[Items listed in a dataset]
○ ○ ○ ○ ○
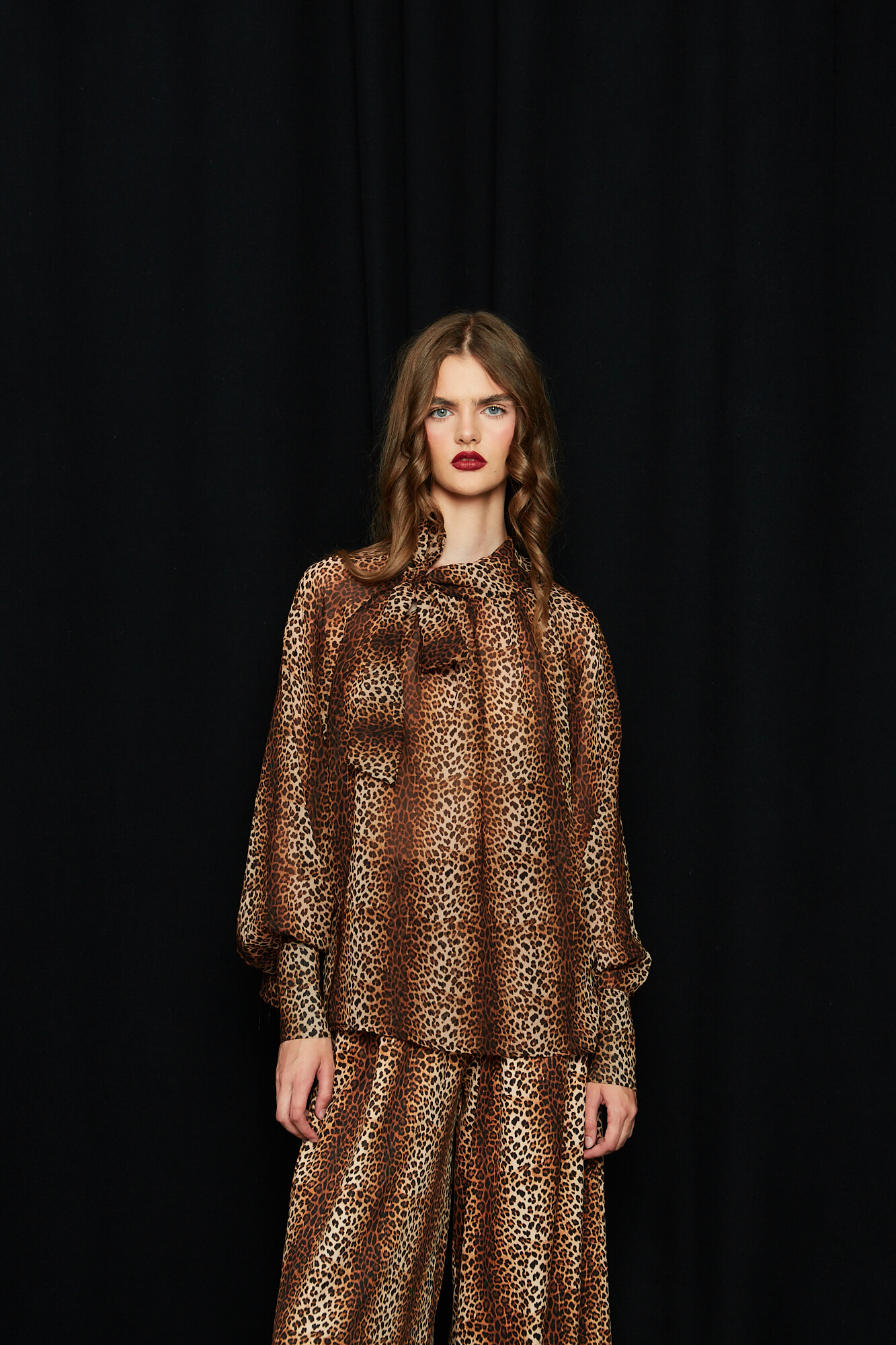 - Ψηλή μανσέτα που κλείνει με ντυμένα κουμπιά
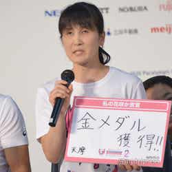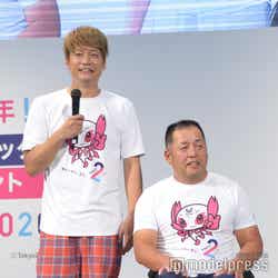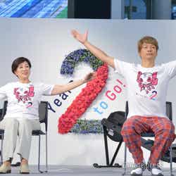 イベントには小池百合子東京都知事のほか、アスリート勢も集結。アスリートたちが2年後に向けての誓いをフリップに書いて宣言する中で、ボートの前田大介選手が「10キロ減量」を目標の一つに掲げると、香取は前田選手のフリップをおもむろに手にして「僕も10キロ減量して2年後応援したいと思います!」と宣言し、会場の笑いを誘った。
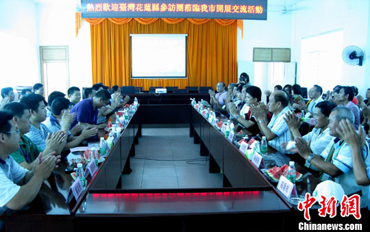 6月20日,臺(tái)灣花蓮縣參訪團(tuán)一行33人來(lái)到廣西來(lái)賓市鳳凰鎮(zhèn)龍旺村,考察大陸新農(nóng)村建設(shè),仔細(xì)詢問當(dāng)?shù)剞r(nóng)業(yè)發(fā)展情況,并與當(dāng)?shù)卮迕窦班l(xiāng)鎮(zhèn)干部進(jìn)行座談交流。中新社發(fā) 蒙鳴明 攝
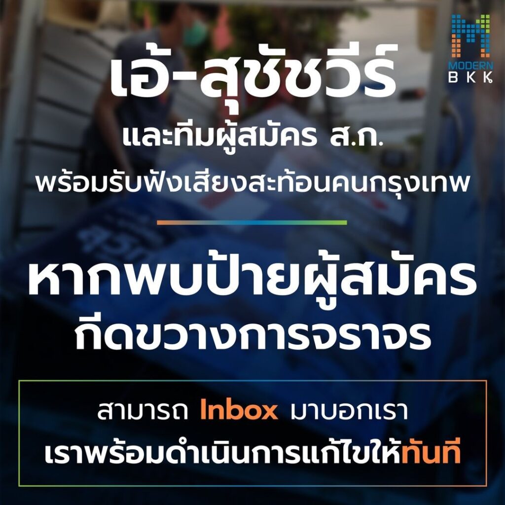 ทั้งนี้ที่ผ่านมามีผู้ Inbox แจ้งข้อมูลเรื่องป้ายหาเสียงผ่านมาทางเพจ Modern BKK เมื่อแอดมินเพจรับเรื่องก็ส่งต่อให้ผู้สมัครเพื่อดำเนินการแก้ไข โดยมิได้นิ่งนอนใจ จนได้รับคำขอบคุณว่าทำงานได้อย่างรวดเร็ว
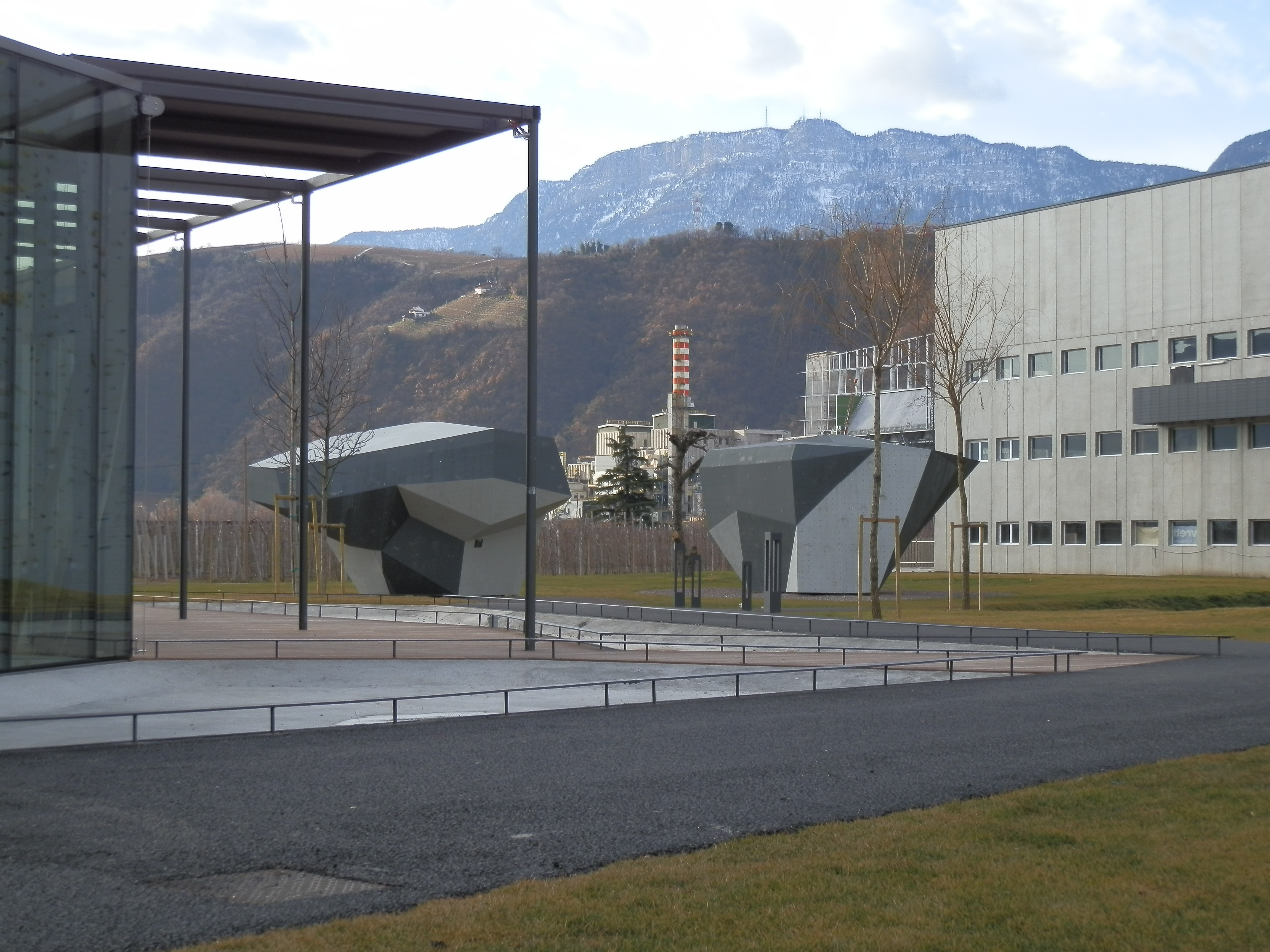 L’architettura progettata, per la sede di Salewa World (marchio internazionale di prodotti per l’alpinismo – http://www.salewa.it/) genera un volume cristallino, complesso, multi sfaccettato, che si confronta (anche rispecchiandole nelle facciate vetrate) con le montagne dell’intorno, articolando una serie di “paesaggi” esterni ed interni in dinamica relazione con le differenti condizioni di affaccio dell’intorno : l’autostrada A22, la periferia industriale di Bolzano, la coltivazione dell’uva.
○ ○ ○ ○ ○
Retype exactly, please, the span from the line holding "Inbox แจ้งข้อมูลเรื่องป้ายหาเสียงผ่านมาทางเพจ Modern" through the closing line of the data, both ends included, without the pictures.

_EXERCISE RESPONSE_
 ทั้งนี้ที่ผ่านมามีผู้ Inbox แจ้งข้อมูลเรื่องป้ายหาเสียงผ่านมาทางเพจ Modern BKK เมื่อแอดมินเพจรับเรื่องก็ส่งต่อให้ผู้สมัครเพื่อดำเนินการแก้ไข โดยมิได้นิ่งนอนใจ จนได้รับคำขอบคุณว่าทำงานได้อย่างรวดเร็ว
 L’architettura progettata, per la sede di Salewa World (marchio internazionale di prodotti per l’alpinismo – http://www.salewa.it/) genera un volume cristallino, complesso, multi sfaccettato, che si confronta (anche rispecchiandole nelle facciate vetrate) con le montagne dell’intorno, articolando una serie di “paesaggi” esterni ed interni in dinamica relazione con le differenti condizioni di affaccio dell’intorno : l’autostrada A22, la periferia industriale di Bolzano, la coltivazione dell’uva.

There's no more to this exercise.